The present invention relates to a deposition apparatus and a deposition method using the same. More particularly, the present invention relates to a method and apparatus for depositing a plurality of substrates in a single chamber, wherein during a deposition process of one substrate, a transfer process or an alignment process for another substrate is performed to reduce tact time The present invention relates to a deposition apparatus and a deposition method using the same, which can reduce the loss of deposition material generated during a transferring process or an aligning process with respect to a substrate.

Organic Luminescence Emitting Device (OLED) is a self-luminous self-luminous device that uses an electroluminescent phenomenon that emits light when a current flows through a fluorescent organic compound, and does not require a backlight for applying light to a non- Therefore, a lightweight thin flat panel display device can be manufactured.

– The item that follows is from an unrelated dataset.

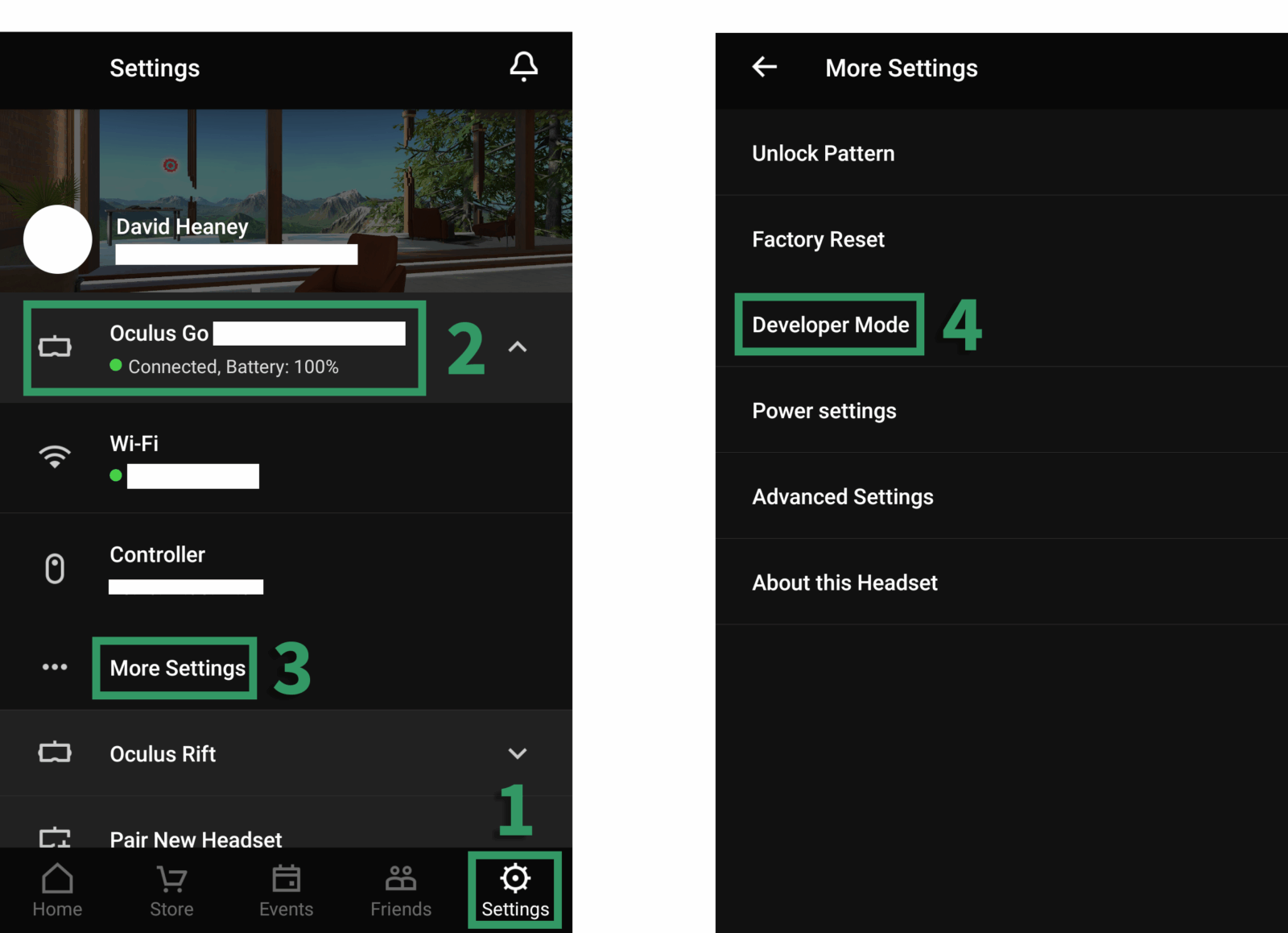 Теперь, когда вы «разработчик», откройте приложение Oculus на своём смартфоне или планшете. На вкладке «Настройки» („Settings“) нажмите на очки Go и нажмите «Дополнительные настройки» („More settings“). В списке вы должны увидеть режим разработчика („Developer Mode“).

A flat panel display device using such an organic electroluminescent device has a fast response speed and a wide viewing angle, and is emerging as a next generation display device.

In particular, since the manufacturing process is simple, it is advantageous in that the production cost can be saved more than the conventional liquid crystal display device.

The organic electroluminescent device comprises an organic thin film such as a hole injecting layer, a hole transporting layer, a light emitting layer, an electron transporting layer, and an electron injecting layer which are the remaining constituent layers except for the anode and the cathode. .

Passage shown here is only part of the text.